Уиллабелл все время убеждала ее, что Эштон — мужчина, каких мало, и трудно было с ней не согласиться. Насколько возможно оценить достоинства мужчины за столь непродолжительный срок, Эштон явно был из тех, кому не жаль отдать любовь и нежность — на всю жизнь.
— Эштон? — тихо прошелестел ее голос.
Он обернулся.
— Да?
Она промолчала, но все сказали ее глаза. Эштон снова подошел к ней.
— Что, Лирин?
В тусклом свете комнаты она изо всех сил вглядывалась в его красивое лицо. Она знала, как рискует. Что защищает ее от мужского вожделения? Может, потом ей будет плохо, но сейчас ей хотелось быть с ним. Она жаждала прижаться к этому сильному мускулистому телу и отдаться ему — вся, до конца. Изумрудные глаза ее стали подобны прозрачным озерам. Словно давая знак, она потянула одеяло вниз.
— Наверное, необязательно ехать в Новый Орлеан, Эштон. Ты можешь получить все, что хочешь, здесь, прямо сейчас.

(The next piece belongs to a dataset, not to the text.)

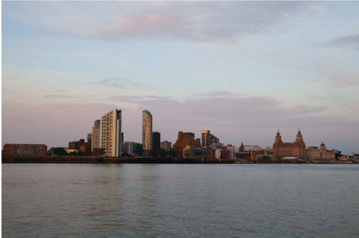
Liverpool komt steeds dichterbij.

Even later zag ik de lichten van de sluis waar ik na middernacht moest zijn en nog wat verder zag ik een rij zeilbootjes aan meerboeien liggen. Ik voer ernaartoe en vond al snel een boei die niet gebruikt werd. In Padstow was het me met uiterste krachtsinspanning gelukt om aan zo'n boei vast te maken. Je moet hem eerst zover naar boven halen dat je de lus kunt pakken die eronder hangt en dan daar je lijn doorheen halen. Als je alleen bent is dat een zwaar en vervelend klusje. Omdat de boei veel groter was dan die in Padstow lukte het me niet om hem uit het water te krijgen, maar gelukkig zag ik een eindje verderop een boeitje liggen met een ring erop. Ik heb een heklijn met een haak die ik had aangeschaft om in Zweden en Finland vast te kunnen maken aan hekboeien, en die kon ik nu goed gebruiken. Er stond flink wat stroom en het boeitje schoot iedere keer weg als ik er langs voer of er tegenaan probeerde te drijven, maar na een aantal pogingen lukte het om aan te haken. Daarna kon ik volop genieten van het uitzicht op de stad, waar de lichten aangingen.

Сердце у Эштона подпрыгнуло, вены вздулись, давно сдерживаемая страсть прорвалась наружу. В глазах вспыхнул блеск желания. Он начал торопливо расстегивать рубаху. Мгновенье — и пламя свечи осветило его бронзовые плечи. Эштон сел на кровать и принялся стаскивать башмаки. Лирин поднялась на колени, скинула халат и крепко прижалась к нему. Она положила ему руки на плечи, и Эштон буквально обезумел, почувствовав, как к его спине прижимается мягкая грудь. Страсть все сильнее охватывала его, превратившись в конце концов в горячую, сладкую боль где-то внизу живота. Да, это была Лирин, отзывчивая, соблазнительная, способная довести до неистовства. Ботинки с грохотом полетели на пол. Руки Лирин скользнули ниже, легли ему на грудь, остановились на мгновенье, нащупав шрам, а затем мягко пробежали по кустикам волос.
— Быстрее, — прошептала она и, откидываясь на спину, легонько укусила его за ухо. Не желая ни на секунду отрываться от нее, Эштон неуклюже взобрался на кровать и немного повернулся, притягивая ее к себе. Его губы потянулись к ее губам, а рука поползла вверх от поясницы к груди и дальше, к шее. Пальцы обеих рук сомкнулись, и Лирин чуть не вскрикнула от неожиданности, когда он разорвал рубашку на две части, жадно впившись глазами в зрелую полноту ее груди. Он влажно и жарко поцеловал ее в грудь, отчего у Лирин перехватило дыхание, а сердце бешено запрыгало в своей темнице. Лирин вся задрожала, чувствуя, как ее медленно охватывают языки пламени, вырывающиеся у него изо рта; она откликалась на малейшее его прикосновение.
Еще один рывок — и разорванная ночная рубашка полетела куда-то в изножье кровати. Взгляд карих глаз насквозь прожег ей кожу. Загадочно улыбаясь, она поднялась, взяла его за руку, поставила на колени, и они сплелись в жарком объятии. Он обнимал ее за талию, притягивая все ближе, а она покрыла его шею и щеки легкими поцелуями. В его волосатую грудь упирались отвердевшие соски, доводя его до сладкого неистовства.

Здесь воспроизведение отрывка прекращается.